Doing the monologue do you feel a bit like a preacher, like Friar Juníper Serra through California?
— No, not an evangelist. I feel we have a need to hear ourselves say certain things, to fix certain ideas, and that this is appreciated. It's a topic that, to some extent, was and is taboo because language carries everything with it, the nation, politics. Self-awareness is very good because you discover you are not alone, and discovering a community makes the gas of humor make you smile, or laugh, depending on the moment. And it's a safe place, which is something that often happens to me when I arrive somewhere, like yesterday in a restaurant in the Raval, and I discover that three tables are speaking Catalan, the waiters are speaking Catalan, the cook is shouting in Catalan, and I relax. I had that feeling of safety that, in situations of marginalization or pressure, I know you experience, for example, women when you don't have to be vigilant all the time, or racialized people when they are in an environment where they don't have to be alert.
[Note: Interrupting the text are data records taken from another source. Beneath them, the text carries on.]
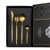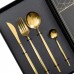 Набір столових приборів 24 предмети набір ложок виделок і ножів на 6 персон Золотистий HP-20-43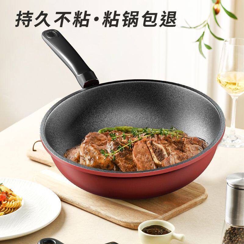 韩国麦饭石不粘锅炒锅家用原装进口电磁炉燃气灶专用不沾锅炒菜锅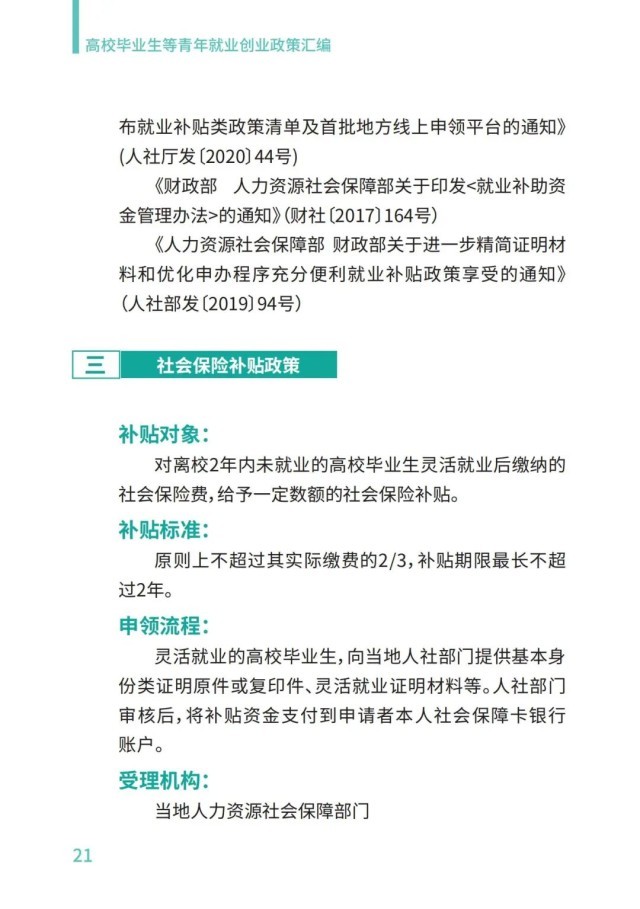 《匯編》系統(tǒng)梳理了國家有關(guān)部門出臺的促進高校畢業(yè)生就業(yè)創(chuàng)業(yè)現(xiàn)行政策,聚焦高校畢業(yè)生求職就業(yè)需求,分為企業(yè)就業(yè)、基層就業(yè)、自主創(chuàng)業(yè)、能力提升、應征入伍、就業(yè)見習、就業(yè)服務、就業(yè)手續(xù)、權(quán)益維護等九方面內(nèi)容。為便于高校畢業(yè)生和企業(yè)快速查閱相關(guān)政策,《匯編》還歸納整理了就業(yè)有關(guān)政策清單,包括6項面向企業(yè)(單位)吸納高校畢業(yè)生就業(yè)的補貼、稅收優(yōu)惠等政策,以及9項面向高校畢業(yè)生的補貼、資助等政策。

Without intending to trivialize, I felt safe: the tranquility of being able to express myself, of not having to ask for the menu in Catalan, is part of a peaceful dinner. Creating these kinds of safe environments in language, I think, is interesting and explains a lot.
Now you have to tell us which bar in the Raval it was.
— It's called Arraval, it's very new and you eat very well there.
Are you worried about only speaking to your own people?
— I worry about not going beyond the bubble, but I think not everyone is in the same place. There are people who have one foot here, one foot there. I've been right there. And the tools I've found are what I express in the book, often in the form of a joke, and that would have been very good for me if someone had explained them to me like that.
Now that you have young children, has your perspective changed after having them and seeing them socialize?
— One of the fundamental reasons for writing this book is that I want to leave my children something truly relevant, dignified, and that will serve them for the future, and that is some reflections on language, on what it means to be a minority language and what to do to stop being one. I believe that language is the most powerful thing that their mother and I will give them, it is not a small thing. A language is a place to return to, it is home, it is how you configure your entire brain, all your experiences, all your history, they are your roots. My son has become a preserver of the language and it has surprised me, because at his age I did not have this awareness. It has taken me 40 years to reach this conclusion that my son has reached in 6 years. In this sense, I am proud, I am optimistic and I am hopeful.